John Heylin
May 7, 2007
HSTEU 250, Sean Cocco
The Society of God and Man
Laws have been around since before the invention of writing. Every society, no matter how advanced or primitive acknowledges some sort of unwritten or written code, but laws only work when people realize that there are consequences when you break them. People soon realized that laws can be broken and the culprit won’t always come to justice. Because of this, religion was soon conceived to solve the problem of everyone’s problems. Not only does a religion explain the major question of how we as a people came to be, but it also lays the groundwork for laws that, in theory, everyone will atone to.
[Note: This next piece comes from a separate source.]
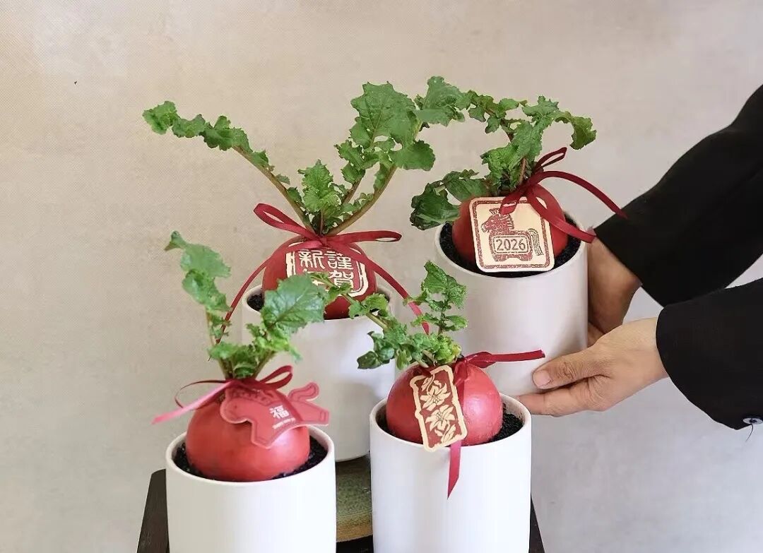 在货架和展示区,通体橙黄的五代果色泽鲜亮、果实饱满,十分契合春节喜庆氛围。深棕色的灵芝形态古朴,搭配简约素净的花盆,格调雅致,自带中式美学的韵味。胖墩墩的鸿运萝卜表皮红润,衬着翠绿的缨叶显得憨态可掬,十分吸睛。

By creating religion it gives everyone the impression that, even if they get away with their criminal behavior on the human level, they will answer for it on the supernatural level which no one can escape. Machiavelli, Augustine and Dante all had their own interpretation on what they believed to be right or wrong and it reflects in their work.
Machiavelli had the firm belief that the Church of Rome during his career (Early 1500’s) was corrupt. He wrote scathing papers on how the Church had strayed from its early greatness and was now actually stopping the unification of Italy. “But we owe them (The Church of Rome) a greater debt, which is the second cause of our ruin. It is the Church that has kept, and keeps, Italy divided.” Machiavelli wrote that the reason that the Church kept Italy divided was their reluctance to let anyone else occupy Italy and control it, even though they themselves couldn’t control Italy. Machiavelli also held a deep resentment towards the Church because it was them who censored his works and exiled him. The reason people during the time followed the Church was because, he believed, of their supposed “divinity”. To go against the Church was to go against God; if one went against God they were doomed to Hell. It was his firm belief that people needed to not only follow the laws of God but the laws of man too. He cites many examples of where people left their country in the face of danger because they felt no patriotism or link to their country. “Its citizens were more afraid of breaking an oath than of breaking the law, since they held in higher esteem the power of God than the power of man.” Machiavelli believed that this was the reason Italy couldn’t stay unified; there was no patriotism among the Church of Rome or among its small city-states. Only when the people of Italy could forget the threats of the Church of Rome and put faith in the idea of a unified Italy could there even be the country of Italy.